**YOUR GOAL:**
Repeat the listing that comes next, leaving nothing out and changing nothing.

**PROVIDED DATA:**
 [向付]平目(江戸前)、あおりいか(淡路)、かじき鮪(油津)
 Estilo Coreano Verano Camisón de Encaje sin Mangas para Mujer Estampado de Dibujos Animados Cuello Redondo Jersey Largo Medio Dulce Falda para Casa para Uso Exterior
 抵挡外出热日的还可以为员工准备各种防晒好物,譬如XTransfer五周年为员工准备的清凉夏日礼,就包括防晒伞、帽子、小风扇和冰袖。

**YOUR SOLUTION:**
 [向付]平目(江戸前)、あおりいか(淡路)、かじき鮪(油津)
 Estilo Coreano Verano Camisón de Encaje sin Mangas para Mujer Estampado de Dibujos Animados Cuello Redondo Jersey Largo Medio Dulce Falda para Casa para Uso Exterior
 抵挡外出热日的还可以为员工准备各种防晒好物,譬如XTransfer五周年为员工准备的清凉夏日礼,就包括防晒伞、帽子、小风扇和冰袖。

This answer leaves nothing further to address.